Chowdhury, M. H.; Islam, F.; Khan, A. A.; Siddique, M. A.; Hasan, N. B.; Samrat, M. I.; Tanisha, M. H.; Tasnim, J.; Mahjabin, S.; Islam, M. N.; Haque, M. A.

2026-05-21 cancer biology
10.64898/2026.05.18.726100 bioRxiv
Show abstract

BackgroundThe MDM2-p53 signaling pathway plays a central role in tumor suppression, and genetic variants that disrupt this pathway may influence breast cancer (BC) susceptibility. However, data from South Asian populations, particularly Bangladesh, remain limited. MethodsA case-control study was conducted in Bangladeshi women, including BC patients and healthy controls (HCs). Genotyping of MDM2 polymorphisms was performed using PCR-based methods. Circulating MDM2 and p53 protein levels were measured using enzyme-linked immunosorbent assays (ELISA). Associations between genotype, protein levels, BC status, and clinicopathological features were evaluated using appropriate statistical models. ResultsA strong and genotype-specific association was observed for MDM2 rs2279744. Women carrying the heterozygous TG genotype had a markedly increased risk of BC across additive, dominant, and over-dominant models, whereas the GG genotype showed a protective effect under the recessive model.
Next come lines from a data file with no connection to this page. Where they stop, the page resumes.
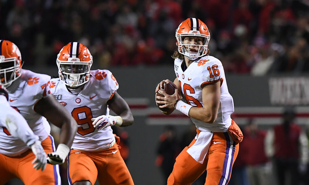 Trevor Lawrence used his legs on a zone-read running play and scored from 17 yards out to put the Tigers back in front, 10-7, with 12 seconds left in the opening period Saturday night at Lane Stadium in Blacksburg, Va.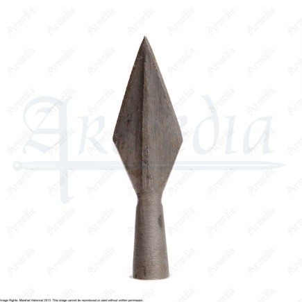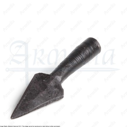 Pointe de flèche en acier forgé. Longueur totale : 66mm Longueur de la pointe : 41mm Diamètre extérieur : 9.5mm Diamètre intérieur...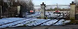 In the north-east of the repair workshop is the access gate, through which two access tracks led into the repair workshop. Directly north of the access gate is a mechanical keeper's signal box, which still serves as a barrier post for the Brunhamstraße level crossing. Until the barriers were dismantled in 2015, it controlled the level crossing on Papinstraße, which was directly in front of the gate.[31]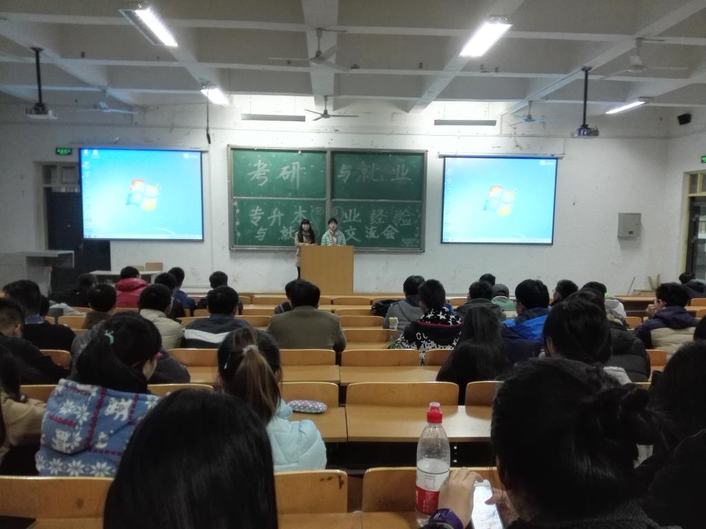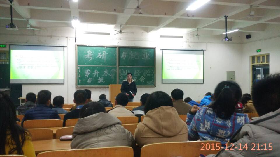 12月14日晚七点,在公司第五阶梯教室进行了一场针对公司大二员工的关于未来考研、就业以及专升本的经验交流会。本次活动由公司员工会秘书部主办,参会人员主要为公司大二学生。活动在部长陈敬霄简单致辞后正式开始。

In contrast, rs937282 did not show a significant association with BC risk. Circulating MDM2 levels were significantly elevated in patients compared with controls and varied by rs2279744 genotype, while circulating p53 levels showed an opposite trend. A strong inverse correlation was observed between serum MDM2 and p53 levels, supporting dysregulation of the MDM2-p53 feedback loop. Elevated MDM2 levels were also noted in HER2-positive and triple-positive BC subtypes. ConclusionTogether, these findings indicate that the MDM2 rs2279744 polymorphism contributes to BC susceptibility in a genotype-specific manner, likely through disruption of the MDM2-p53 regulatory balance. However, the absence of functional validation limits direct causal inference.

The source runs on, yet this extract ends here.